Page 4 of When Sparks Fly

“I’ll bring some things for you to keep this time,” I promise.

The unmistakable sound of her hands clapping once in excitement bursts through the phone. “That’ll be wonderful.”

“Where do you want to eat?” I park in my usual spot and gather my trash.

“How about Aimee’s?”

“The French bistro? Ok.” I should have known she’d pick her favorite place. I’d be happy with sun tea and her cheesecake, but I want her to get out for a bit. “I’ll be there around eleven. Is that ok?”

“Yes, baby. See you then. I love you so much.” She makes a sweet kissing sound.
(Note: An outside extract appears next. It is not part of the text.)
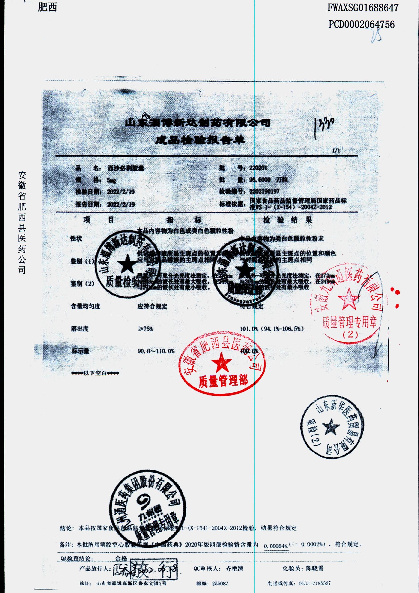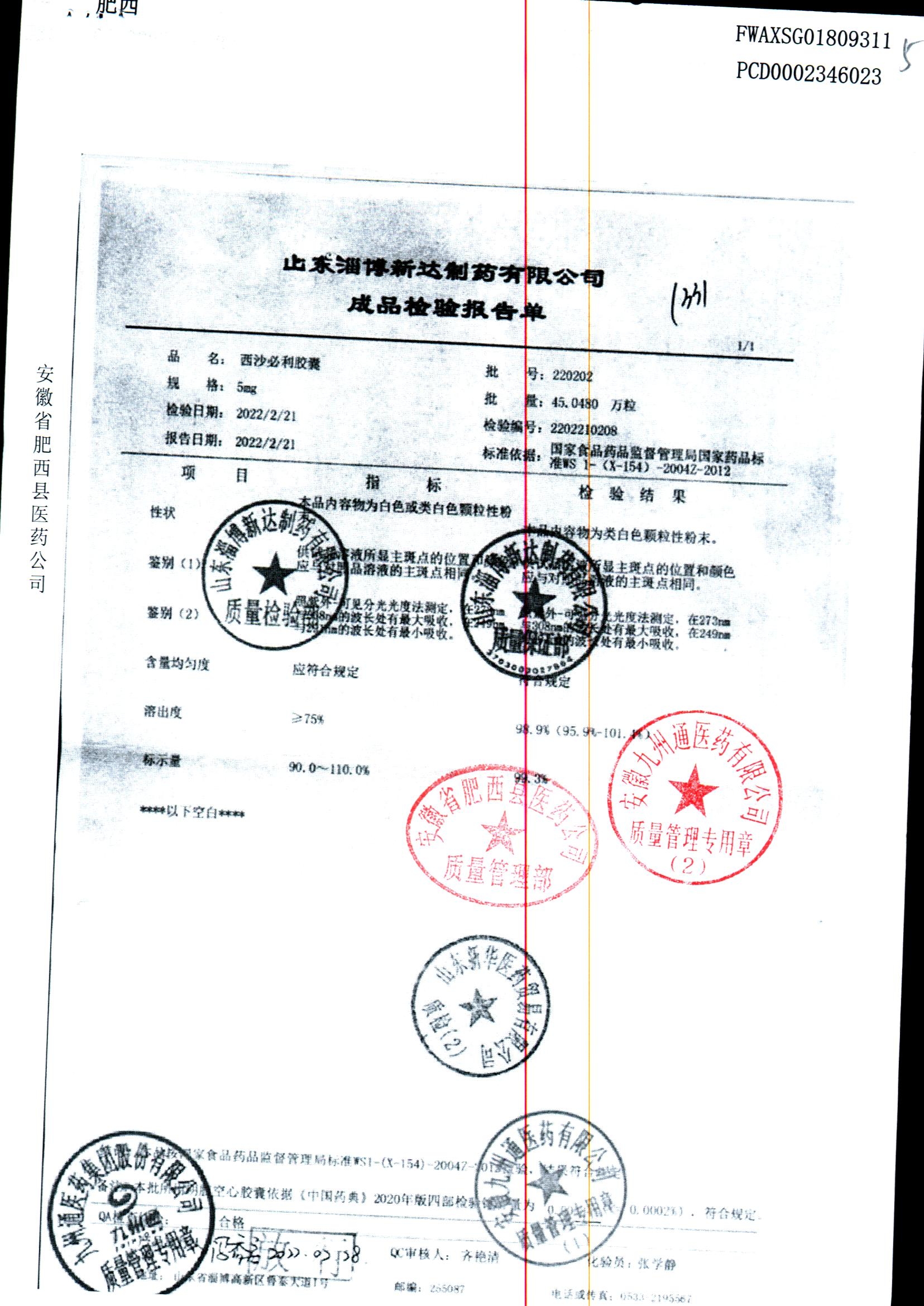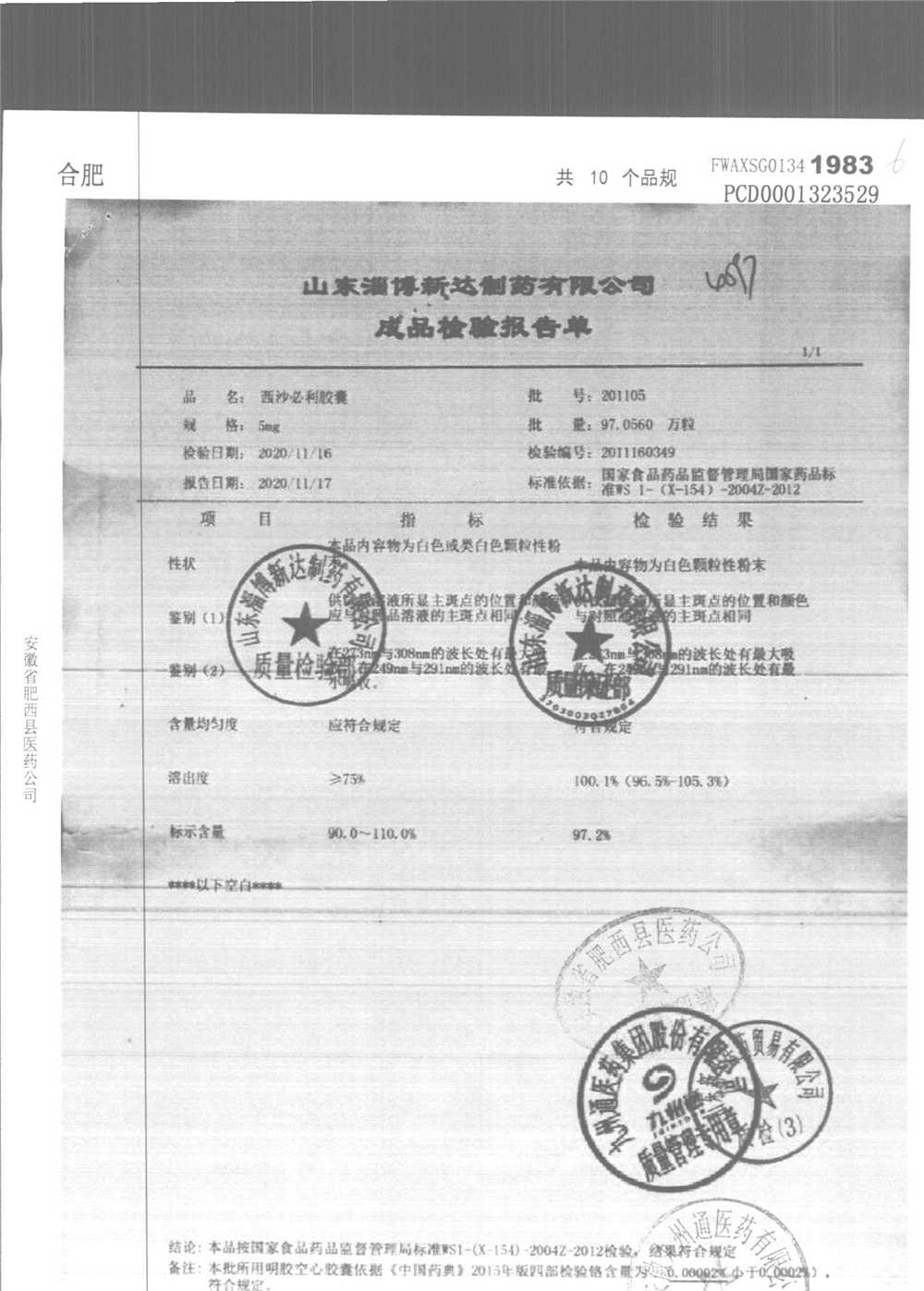 西沙必利胶囊 | 5mg | 210403 | 查看详情 |

“Love you, too, Nana. See you tomorrow.”

After a long shower, I settle on the couch dressed in my favorite comfort leggings and a thin, baggy sweater. The coffee table is hidden beneath my laptop and folders from today’s clients. The scent of toasted marshmallowfills the living room, wafting from the lit candle on the side table. Faux pumpkins, similar to the ones I used in photos today, surround it.

My tiny one-bedroom apartment is minimally decorated, aside from my celebration of fall. I never spend much time, effort, or money on decor if it isn’t photos.

Color prints of my favorite shoots from over the years hang above the thrifted, suede couch. The coffee and side table, also second-hand, don’t match. None of the three pieces fit any one aesthetic, nor was I focused on one.

A giant spoon and fork are mounted over my bistro set in the blip of a dining room. I think every aesthetically hopeful dining room in America has the same set. In the hall are my favorite black and white photos. Five years I’ve been here and it’s always seemed temporary.

Before getting started on editing the photos from today, I check the group chat with my best-friends, Izzy and Leah. No messages. I send a quick message wishing Izzy a safe arrival in Hawaii and reminding her to take a thousand and one photos so that I can live vicariously through her. Her obligatory “I got leid” picture fills my screen in response, eliciting a huge grin. She’s all legs in a pale blue dress with a golden lei around her neck. Leah follows up with entirely too many middle finger emojis.

Our trio is akin to Neapolitan ice cream. Izzy is vanilla. Not because of her ice-blonde hair, but because she’s subtle, reliable, and always put together. She fits well in every situation. Leah is strawberry. A little bit tart, a little bit sweet. The wild one that maybe you don’t expect to enjoy, but thoroughly do because it’s strawberry and how could you not? And I’m chocolate. Versatile in a similar way to vanilla, but packing a bigger punch and also not everyone’s cup of tea.

I work until my eyes blur, managing to edit half of the photos from today’s mini sessions, before padding into my bedroom with my phone. The stark white, thousand-thread-count, Egyptian cotton sheets call to me. Only the bed has received luxury attention in the years I’ve lived here. Otherwise, I splurged on photography equipment, backdrops, or session decor. Focused solely on building my business and honing my craft, everything else was an afterthought.

I set my phone on my secondhand nightstand, flip off my lamp, and shove myself deep in the covers, asleep instantly.

Sometime in the night, my phone vibrates across the nightstand, jarring me awake. Adrenaline surges through me.Stephanie, my mother’s name, flashes on the screen, adding to the dread.

I put my phone to my ear, pushing my hair from my face and sitting upright. My mother’s curt voice comes down the line before I can utter a greeting. Her clipped tone isn’t a surprise, but the words she’s throwing at me are crushing.

“Mother passed. The funeral will be this weekend.”

“Nana?” My voice is a cross between a squeak and a croak. Obviously, she’s referring to my grandmother, but my brain is frazzled.

People talk about pain being a knife to the heart, but this is a battering ram. A crushing force on my chest making it nearly impossible to breathe.

Stephanie’s words remain composed. “Alan and I are driving down now.” I’m only half listening to my mother’s voice.

How did this happen?

“I don’t understand. I just talked to her.” My eyes land on the album and loose photographs I prepared to take to Nana.

Stephanie scoffs. “These things happen quickly, Maci.”

Silent tears hit my cheeks. I know better than to count on her for emotional support.

While my relationship with my mother has been strained since I was a teen, my relationship with Nana only grew over the years. Despite my lack of proximity, I often called Nana daily through high school. The calls may have been less frequent in the six years since graduation, but our bond never diminished.

This loss is compounded by knowing how close I was to seeing her.

Chapter 3

Maci

Ican’t go back to sleep after we hang up. Instead, I prepare for a long weekend in Bull Creek, starting with emailing my recent clients about a delay due to a family emergency. While packing a suitcase, I make sure to pick the perfect dress for the service.